Oil Extraction: After hotplate roasting, the above roasted and unroasted cinnamon bark powder was mixed and dipped in 50ml of petroleum ether (40-60 °C) for overnight. The next day, the solution was filtered. After filtration, the filtrate was fed into a Soxhlet extractor fitted with a 100-mL round-bottomed flask and a condenser. The extraction was carried out on a water bath (40-50 °C) for 1 h. After extraction, the solvent was distilled off.

Physical Properties: Yield of Extraction of aromatic oils from cinnamon bark before and after roasting. The percentage yield for cinnamon bark before and after roasting were calculated by using the following equation 14.

Volatile oil (%) = (Weight of the volatile oil recovered in g/ Weight of sample taken in g) × 100

Color, Density and Refractive Index of Aromatic Oils from Cinnamon Bark Before and after Roasting: The physical properties of aromatic oils from cinnamon bark before and after roasting such as color, density and refractive index per AOAC standard methods 15 were evaluated.

Color Property of Aromatic Oils from Cinnamon Bark before and after Roasting: Color intensities of roasted and unroasted aromatic oil samples were measured by use of the colorimeter (Konica Minolta CR 10) which gave the Hunter parameter (L*, a*, b*) and also c*and h* values directly 16. 2 ml of samples were placed in Petri dishes with a cover.

Colour was measured within 5 min of the sample preparation. L* indicated lightness which describes transmitting capacity and the light reflecting of an object. Color analysis was performed by determination of a* (− green to + red component), b* (−blue to yellow), c* (chroma), and h*(hueangle) values in triplicates

Determination of Total Polyphenols (TPC) of Aromatic Oils from Cinnamon bark before and after Roasting: Total polyphenols content (TPC) was determined by previous literature 17.

Determination of Antioxidant Activity of Aromatic Oils from Cinnamon Bark before and after Roasting:

DPPH Free Radical Scavenging Activity Assay: The total antioxidant capacity of unroasted and different heat-treated plant aromatic oil samples was determined spectrophotometrically, assessed using 1, 1-diphenyl 2-picryl hydrazyl (DPPH) as followed by previous literature 18.

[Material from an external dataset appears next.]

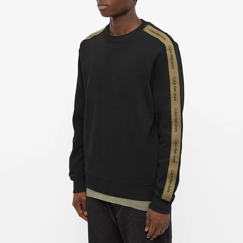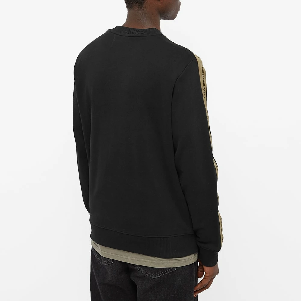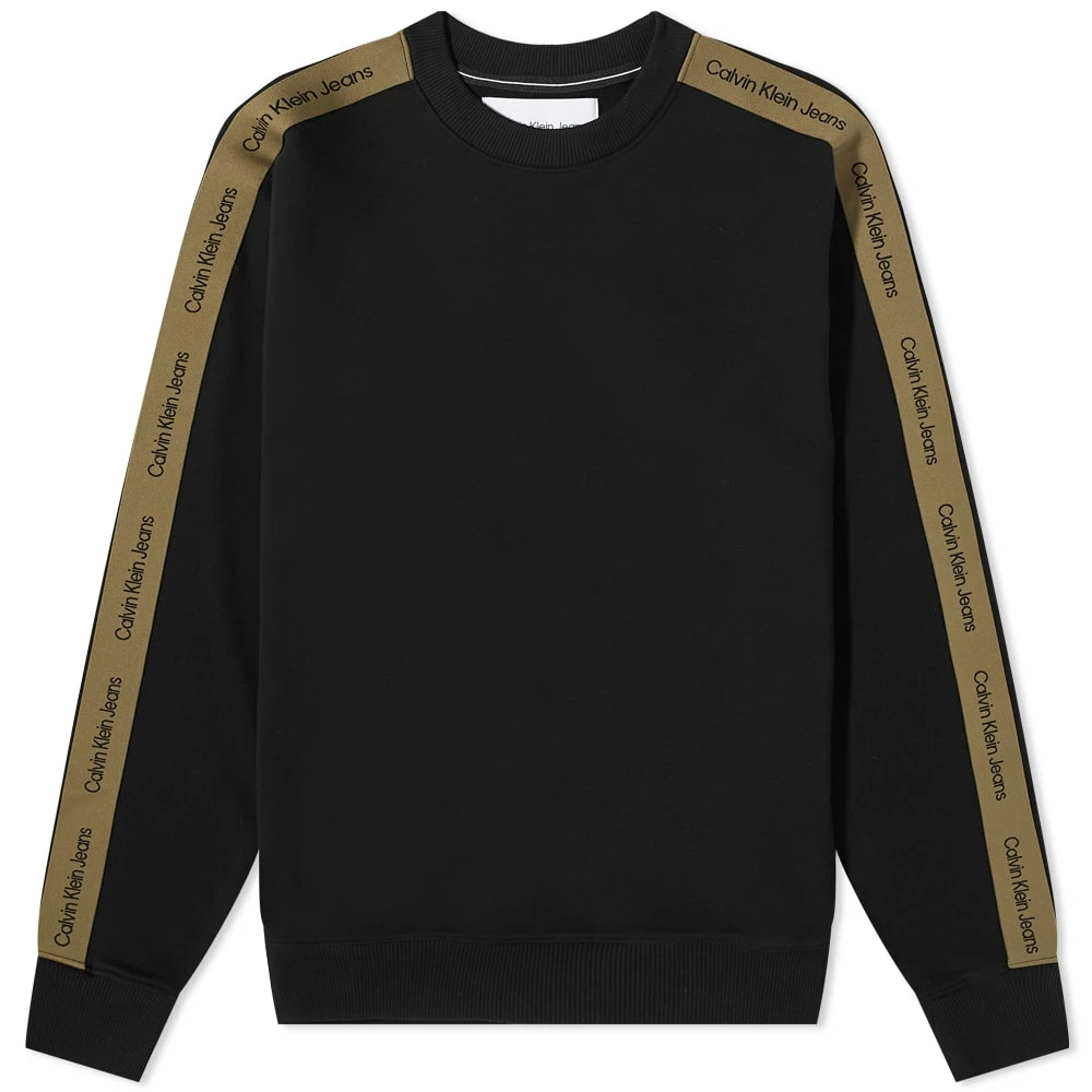 Calvin Klein opt for a sporty style with this classic black crew sweat. Crafted from soft cotton, it features ribbed trims for a snug fit- making it perfect for laid-back days- and is complete with khaki branded tape down each sleeve.

Ferric Reducing Antioxidant Power (FRAP): The ferric ions (Fe3+) reducing antioxidant power (FRAP) method was used to measure the reducing capacity of different heat-treated plant essential oils, described by previous literature 19.

ABTS Free radical scavenging activity: ABTS⁺ assays were done by the modified procedure also described in previous literature 20.

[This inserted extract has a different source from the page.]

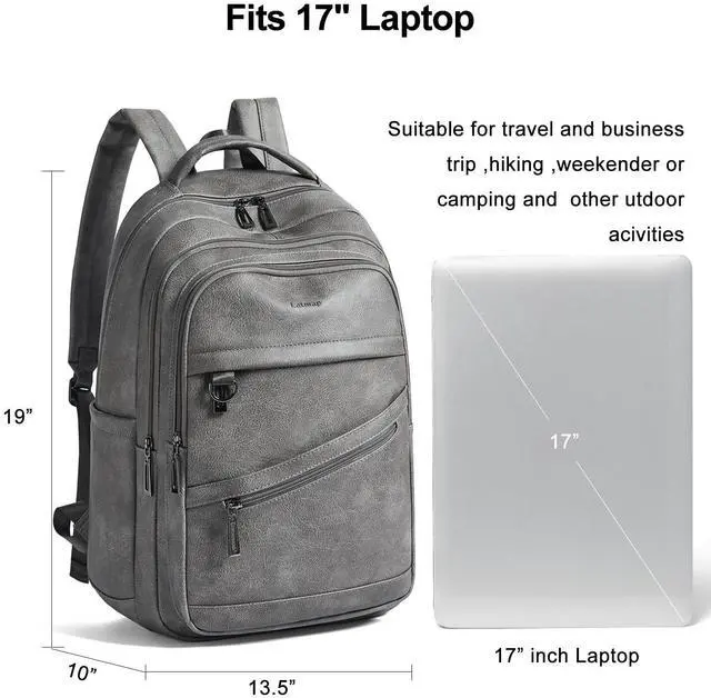 LATMAP 43L Backpack for Women Men - Vegan Leather Backpack Purse Travel Carry-on Bag College Bookbag Work fits 17" Laptop, DimGray

GC-MS Analysis of Aromatic Oils from Cinnamon Bark before and after Roasting: Different heat-treated aromatic oil samples were analyzed using GC-MS (Thermo Scientific). A fused silica capillary column DB5-MS (30 m × 0.25 mm, film thickness 0.25 μm) was used with helium as the carrier gas at a constant pressure of 100kPa, at a flow rate of 1 ml/min. The injector and detector temperature was 250 °C. The components of the essential oil were identified based on a comparison of their retention indexes (RI), mass spectra (NIST library), and literature data.

Fourier  -  Transformed  Infrared  Spectroscopy (FT-IR)  Analysis of  Aromatic  Oils from Cinnamon  Bark before and after  Roasting: The FT-IR  spectrum of essential oil was obtained using Bruker 55 model FT-IR spectrometer and the functional groups were identified with the help of IR  correlation charts. The wavenumber region for the analysis was 800–4000 cm-1.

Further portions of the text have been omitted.